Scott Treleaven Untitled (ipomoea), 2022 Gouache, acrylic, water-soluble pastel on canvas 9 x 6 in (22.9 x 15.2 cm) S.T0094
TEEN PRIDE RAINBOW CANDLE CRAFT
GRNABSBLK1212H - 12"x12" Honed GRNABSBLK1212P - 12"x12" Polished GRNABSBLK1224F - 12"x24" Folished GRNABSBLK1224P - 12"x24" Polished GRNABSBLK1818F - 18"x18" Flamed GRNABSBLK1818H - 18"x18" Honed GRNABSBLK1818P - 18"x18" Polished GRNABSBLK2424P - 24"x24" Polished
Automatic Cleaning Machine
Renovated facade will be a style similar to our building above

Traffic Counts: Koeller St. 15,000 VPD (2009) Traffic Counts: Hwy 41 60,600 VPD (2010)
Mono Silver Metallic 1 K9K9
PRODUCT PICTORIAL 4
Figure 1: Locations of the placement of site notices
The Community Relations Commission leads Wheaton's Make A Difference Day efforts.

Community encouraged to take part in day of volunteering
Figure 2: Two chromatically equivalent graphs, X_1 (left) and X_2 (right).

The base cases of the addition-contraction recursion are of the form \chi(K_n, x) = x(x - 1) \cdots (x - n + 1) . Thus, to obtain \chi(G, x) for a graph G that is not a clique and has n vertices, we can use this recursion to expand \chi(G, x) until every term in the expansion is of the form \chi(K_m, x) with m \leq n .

________________

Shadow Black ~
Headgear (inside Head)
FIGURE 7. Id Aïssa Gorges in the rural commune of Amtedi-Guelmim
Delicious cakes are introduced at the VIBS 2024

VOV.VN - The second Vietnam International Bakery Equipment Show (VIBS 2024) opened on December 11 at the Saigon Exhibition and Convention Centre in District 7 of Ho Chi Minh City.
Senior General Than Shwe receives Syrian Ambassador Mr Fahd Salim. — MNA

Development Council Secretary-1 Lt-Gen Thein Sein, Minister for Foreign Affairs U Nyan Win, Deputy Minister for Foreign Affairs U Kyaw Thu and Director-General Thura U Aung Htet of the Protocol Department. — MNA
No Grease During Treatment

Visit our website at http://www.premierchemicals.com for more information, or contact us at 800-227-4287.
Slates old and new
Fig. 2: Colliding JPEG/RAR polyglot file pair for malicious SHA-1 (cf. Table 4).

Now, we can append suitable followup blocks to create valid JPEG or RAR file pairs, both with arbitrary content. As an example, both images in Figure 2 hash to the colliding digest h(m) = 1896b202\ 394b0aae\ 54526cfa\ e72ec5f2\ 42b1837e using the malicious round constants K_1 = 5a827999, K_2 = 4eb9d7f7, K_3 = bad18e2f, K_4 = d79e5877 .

________________

_Work request_:
Output the lines above exactly, but only those between the line holding "Delicious cakes are" and the line holding "VOV.VN - The", inclusive.

_Answer to this exercise_:
Delicious cakes are introduced at the VIBS 2024

VOV.VN - The second Vietnam International Bakery Equipment Show (VIBS 2024) opened on December 11 at the Saigon Exhibition and Convention Centre in District 7 of Ho Chi Minh City.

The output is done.